1 Five years in the making, the major exhibit Once in French America/Il était une fois en Amérique française at the Canadian Museum of Civilization marks the 400th anniversary of permanent French settlement in North America. As such, it recalls Samuel de Champlain’s 1604 founding of Port-Royal on the Fundy shore and coincides with a plethora of quadricentennial events in Quebec and the Maritimes. As is often the case with commemorations, the date of 1604 is surrounded by a minor tempest of crosscutting historical perceptions regarding the true date and place of the first French colony. Some will point out that, before building Port-Royal, Champlain overwintered at Sainte-Croix Island. This speck of soil on the Maine border happens to fall in the United States, where it is duly commemorated as the birthplace of French America. Others will maintain that the founding of Quebec in 1608 supercedes both Port-Royal and Sainte-Croix Island in that the city remains the oldest permanent French settlement in the New World. In all fairness, however, 1604 has become an iconic date, rising like a giant bookend partway along the shelf of Canadian history along with its counterpart of 1759, the Battle of the Plains of Abraham. These bookends frame the cultural nexus that was New France, a paradoxical font of pride, chagrin and envy that continues to well up, centuries later, as one of the most distinctive and powerful aspects of the Canadian identity. The exhibit covers the period 1604–1759 and, while magnificently unveiling the uniqueness and cultural richness of New France, it also stumbles under the weight of political meanings that New France has acquired. As a result, the exhibit is hard to encapsulate. Immensely satisfying for its thorough curatorship and once-in-a-generation artifact content, its formulized discourse is somewhat leaden.

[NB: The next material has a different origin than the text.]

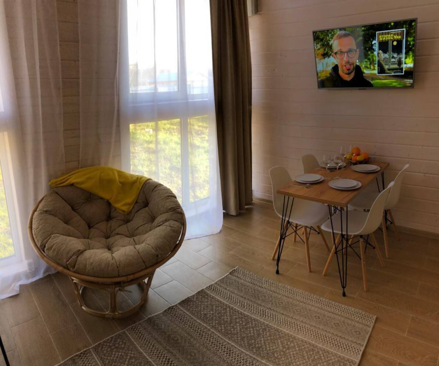 Гостиная: удобный диван-кровать, уютное кресло из ротанга, обеденный стол на 4-х человек, smart TV, Wi-Fi, настольные игры, книги, небольшой камин.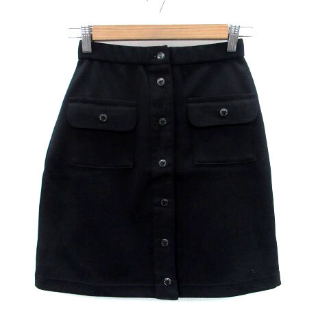 23区 オンワード樫山 台形スカート ボタンダウンスカート ミニ丈 F 黒 ブラック /HO10 レディース

One must transcend this discursive subtext in order to appreciate the exhibit’s many strengths.
2 The minor debate over the true beginning of French colonization — in 1603, 1604 or 1608 — is significant because it is part of a greater struggle to appropriate New France for political ends. From an academic perspective, the three dates are historically inseparable and to commemorate one while minimizing the others is to introduce a bias. However, if everyone took such a detached view of history, history itself would soon become irrelevant! Museums, in their role as an interface between academia and the public, politicize history. The political subtext of this exhibit, as exemplified by the date debate, downgrades or combats the two great threats to Canadian sovereignty: the United States and Quebec.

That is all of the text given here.